La Cina si concentra sulla lotta al Covid, l’Europa ha rotto con la Russia e gli Stati Uniti sono impegnati nella rivalità con la Cina: la globalizzazione è in declino?
«Il clima internazionale sta cambiando e la Ue ha un ruolo importante in questo mondo nuovo. Putin non raggiungerà i suoi obiettivi di guerra, ma un risultato lo otterrà: le democrazie liberali sono più unite che mai. Europa, Nord America, Giappone, Corea del Sud e altri Paesi rafforzeranno la cooperazione fra loro. Questo nuovo tipo di globalizzazione dovrebbe combinare valori e interessi economici condivisi».

Non somiglia molto all’approccio tedesco degli ultimi due decenni...
«La Germania soffre di bilateralizzazione. Il nostro rapporto con la Russia in termini di energia è troppo bilaterale.
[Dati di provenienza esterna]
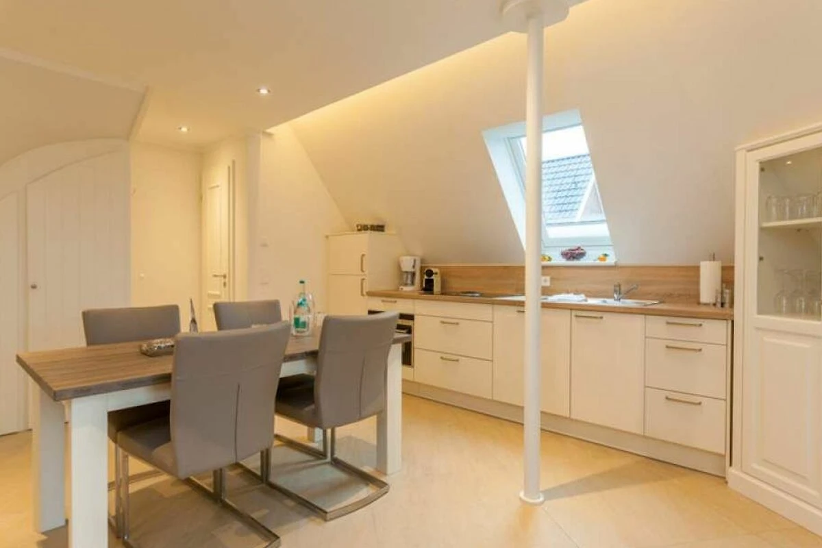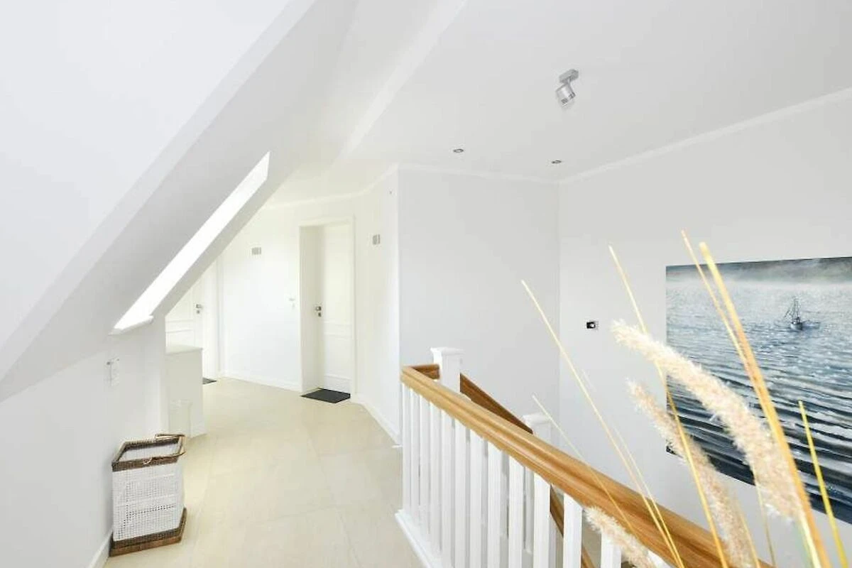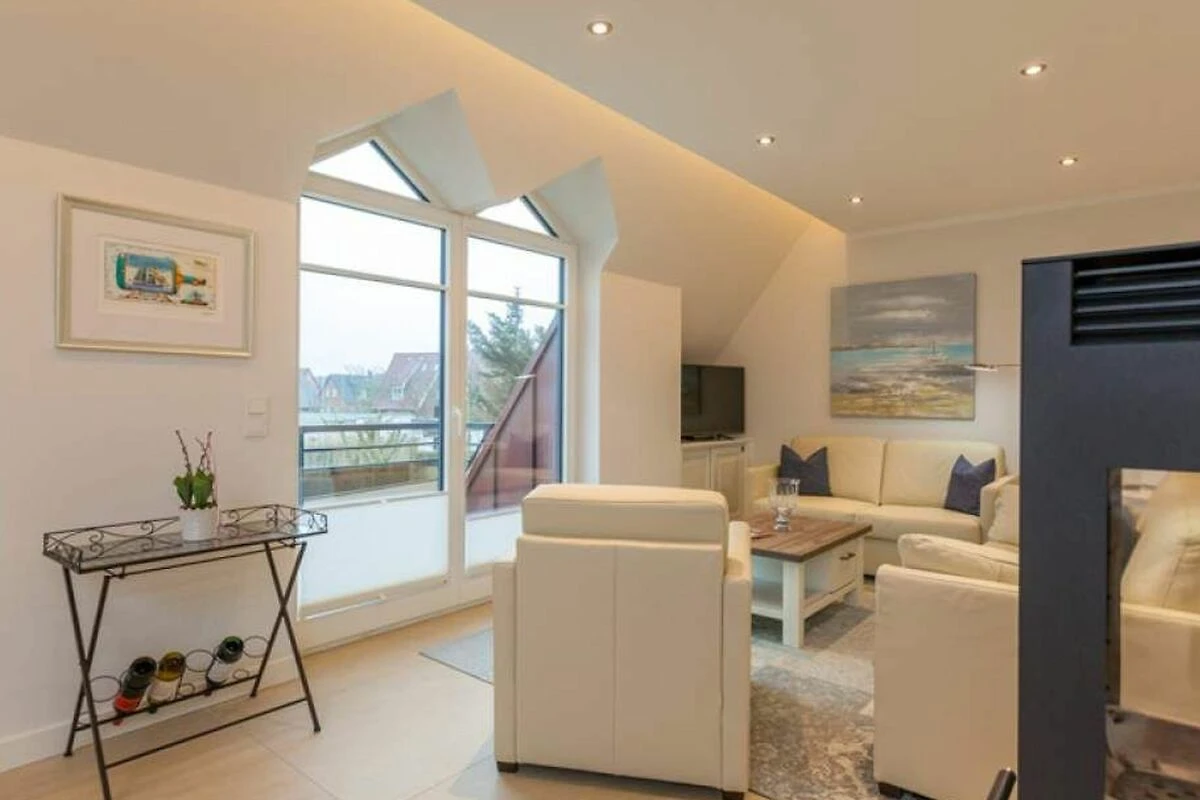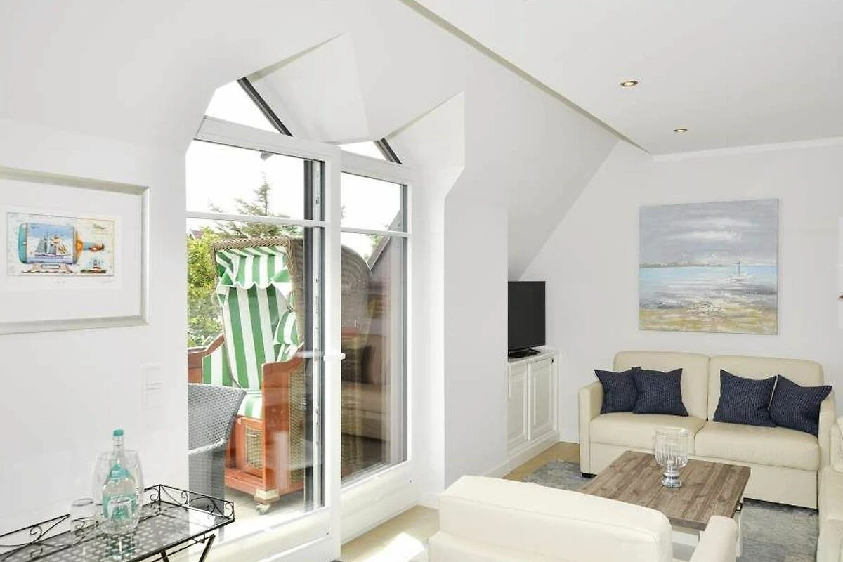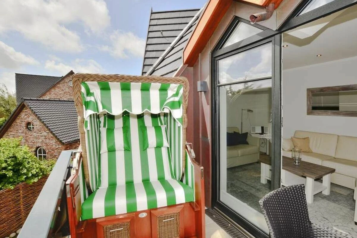 Luxuriöse 2-Zimmer-Maisonette-Nichtraucher-Ferienwohnung mit offener Empore, ca. 75 qm im 1. Obergeschoss, eine Südostloggia mit Strandkorb für 3 Personen

E abbiamo una relazione commerciale molto bilaterale con la Cina. Dobbiamo globalizzare e differenziare i rapporti commerciali e di fornitura. Dobbiamo negoziare nuovi trattati commerciali, accordi con altri Paesi per rafforzare i legami economici con i partner che hanno i nostri valori».

Il ministro delle Finanze americano, Janet Yellen, parla di “friend-shoring”, lo spostamento delle catene di fornitura verso partner più fidati...
«Mi piace. Ma una precisazione: dobbiamo evitare la costruzione di nuovi blocchi politici. Ovviamente la Russia non sarà più un interlocutore per un periodo molto lungo. La Cina è allo stesso tempo un partner commerciale, un concorrente e un rivale sistemico. Ma non dobbiamo puntare contro gli altri questo approccio alla globalizzazione basato sui valori. Neanche l’India è la controparte più facile nei negoziati, ma dobbiamo staccare l’India e la Cina dalla Russia. Quindi sono d’accordo sulla globalizzazione tra amici, ma sono contro la formazione di due blocchi separati».

Lei dice che i Paesi europei sono più vicini che mai. Ma nell’attuale crisi energetica ognuno gioca da solo. Non stiamo comprando insieme il gas liquefatto come facemmo con i vaccini durante la pandemia...
«La mia proposta è di cooperare più strettamente nel settore energetico e per mitigare il cambio climatico. Ma non c’è nessuna lotta tra europei. I Paesi devono affrontare le loro specifiche esigenze energetiche e questo rende la situazione diversa da quella di Covid: all’epoca avevamo tutti bisogno degli stessi vaccini. Ora è più complesso: l’approvvigionamento energetico non è diverso solo tra Italia, Francia, Spagna o Germania. Anche all’interno della Germania, abbiamo reti energetiche diverse tra Est e Ovest».